Again Thanks GTO, excellent thread for unsuspecting owners who would not even realize after witnessing a problem with their Turbo's, that driving habits wrecked their prized possessions.

In my case when I took the Embera crdi for a normal check up to the Authorized service station - because I saw occasional clouds of black smoke while accelerating - and parked the car to call the service adviser, in some time two of them came out, one opened the bonnet and another started the car and soon started revving the car, while the other was trying to pay attention to something, not sure what, but during this there was clouds of black smoke that spewed out of the parked car.

Later they abruptly switched off the car and told me everything is alright and the crdi does spew some smoke but I thought it is more than my liking, I don't aggressively accelerate and hence very rarely notice these clouds of black smoke, but somehow it doesn't feel comfortable.

Now the interesting thing is I asked them is it necessary to idle the car before and after revving the car and they looked at me as if I asked a stupid question and replied 'not required, won't make a difference'.

I am sure they revved above 4500+ rpms in those few minutes, now is there some preventive checks I can proactively do to ensure a healthy turbo?

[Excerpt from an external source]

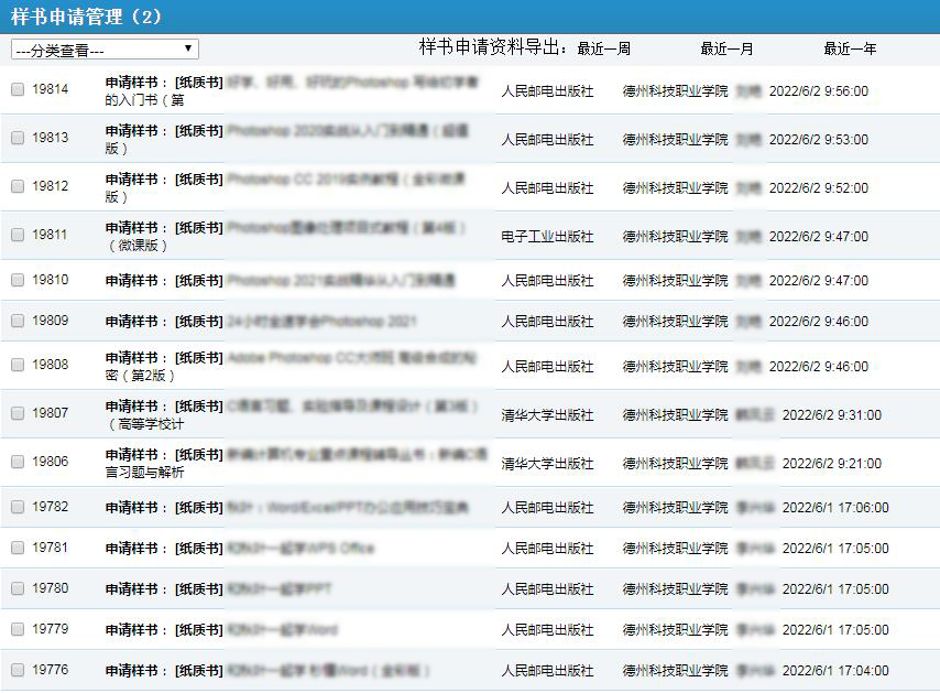 巡展時(shí)間:2022年6月2日—2022年7月20日(也可全年常態(tài)化服務(wù)) 教材郵寄:線上巡展期間,每家出版社均可申請(qǐng)1-2本教材樣書(在線填表后郵寄)。有出版意向教師和有教學(xué)資源建設(shè)方面需求的學(xué)院可以與教材巡展網(wǎng)上行平臺(tái)聯(lián)系,也可在填寫樣書申請(qǐng)單時(shí)備注。 服務(wù)電話:400-0531-123 按6鍵 0531-83532279 0531-83532287 作為“2022全國(guó)教材巡展網(wǎng)上行” 線上巡展活動(dòng)的第十九站,學(xué)校對(duì)本次活動(dòng)給予了大力支持;顒(dòng)首日,本院校累計(jì)已有38 人次在線申請(qǐng)樣書。下圖為本院校在“教材巡展網(wǎng)上行平臺(tái)”樣書申請(qǐng)動(dòng)態(tài)(為保護(hù)用戶隱私信息,圖片相關(guān)位置已做模糊處理)。

I wish I had read this thread as I would have insisted not to switch off.

Does that mean they too are ignorant, because I do recollect noticing a sticker next to the ignition of the Swift DDIS or Safari (not sure which) stating that it is recommended to idle the car for a minute or so, I use to idle without knowing the reasons or logic.

Another question is what happens when the engine stalls, agreed you may be crawling just before it, but still revs could be high, hence the damage could be similar, right?

Cars like Embera crdi stall quite easily if you try to crawl in 2nd gear, over time I started driving in 1st at a higher rpm, but still sometimes it does stall, the clutch needs delicate moderation.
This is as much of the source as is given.